In 1976, a Ku Klux Klan chapter was uncovered among Marines serving at Camp Pendleton, California. A cross was burned near the base and at least two black Marines on base were attacked by whites wearing Klan insignia. Marine Cpl. Daniel Bailey, Jr., who identified himself by his Klan rank, Exalted Cyclops, told reporters that a hundred Marines belonged to the branch. The Marine Corps had suppressed any information about the Klan's activities until a group of black Marines attacked a white gathering in the (mistaken) belief that it was a Klan meeting. During their courts-martial, the black Marines testified that their commanders had tolerated the flaunting of Klan regalia, had allowed the distribution of racist literature, and had ignored attacks on black Marines by Ku Klux Klan members. While most of those convicted received some jail time and other-than-honorable discharges, white Marines suspected of Klan sympathies were simply shipped out to other duty stations.

Further light was shed on organized racist groups within the military in 1985 when it was discovered that the White Patriot Party of North Carolina was successfully recruiting Marines and soldiers. According to the New York Times, a number of the neo-Nazi sympathizers within the military were identified after they sold Claymore mines, rockets, grenades, and small arms to undercover agents in a sting operation. Three of the service members were dishonorably discharged.

IDEAL RECRUITING GROUNDS

The road between the militias and the military is a two-way street with the National Guard and Reserve as a convenient way station. The tragic events in Oklahoma City have heightened the concern of all National Guard and Reserve commanders that militia members may be infiltrating their ranks in order to gain skills and equipment. The militias are also looking to those official weekend warriors with military skills and right-wing views as natural targets for recruiting.
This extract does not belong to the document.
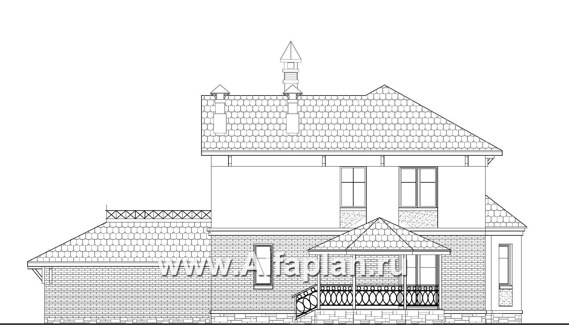 Двухэтажный загородный дом с массивным эркером и гаражом для двух автомобилей привлечет внимание заказчиков, стремящихся построить дом, не подвластный веяниям быстротечной моды.  Его "спокойная" архитектура,  классические элементы декора: карнизы, кронштейны, решетки ограждений создают ощущение стабильности и незыблемости  традиций.  Несомненным украшением главного фасада является эркер, проходящий  через оба этажа. Большие вертикальные  окна прекрасно освещают внутренние помещения. Главный вход находится  в левой  части  строения. Ступеньки входа и цоколь дома отделаны  облицовочным камнем.

Clearly, the Army is not ignorant of the possibilities. In Michigan, home of the largest militia, the Army National Guard's adjunct general warned members that they are not allowed to belong to racist or extremist organizations. But some Guard units are more solicitous of their local militias. After an incident involving an Idaho National Guard helicopter overflying a Montana militia group, Idaho officials agreed to notify their Montana counterparts in advance of any future flights.

It is impossible to tell exactly how many Guard members and reservists also belong to locally-organized militias. The situation at Ft. Drum, home of the 10th Mountain Division in upstate New York, illustrates the difficulty of trying to keep militia members away from military training and combat weapons, even if there is a will to make such a separation. Each year, 35,000-40,000 National Guard members and reservists from all over the Northeast train there for varying periods. It would be impossible to monitor individual trainees to determine which ones were planning to apply their instruction in support of their home town militia.

Col. Robert R. Waters (Ret.) is a career Green Beret who now edits a special operations journal called Behind the Lines. He told Army Times that he believes the militia movement is gaining momentum. He also raises a disturbing scenario: Obviously, they're going to seek [specialized] training from those who can provide it.

The militia phenomenon arises out of a toxic stew of legitimate anger, scapegoating, and paranoia. Its links to the military, and the support of the taxpayers are more than an irony for a group which openly despises the government. But the militias and the military have much in common aside from their obvious predilection for weaponry and the violent resolution of conflict. Like the militias, the U.S. military has always attracted more than its fair share of right-wing extremists and white supremacists. Its rigid structure and rules probably appeal to those whose personalities tend toward authoritarianism. Without understanding these common bonds, as well as the physical links, civil society will never be able to understand, much less root out, irrational acts of violence like Oklahoma are calculated declarations of adventurous war.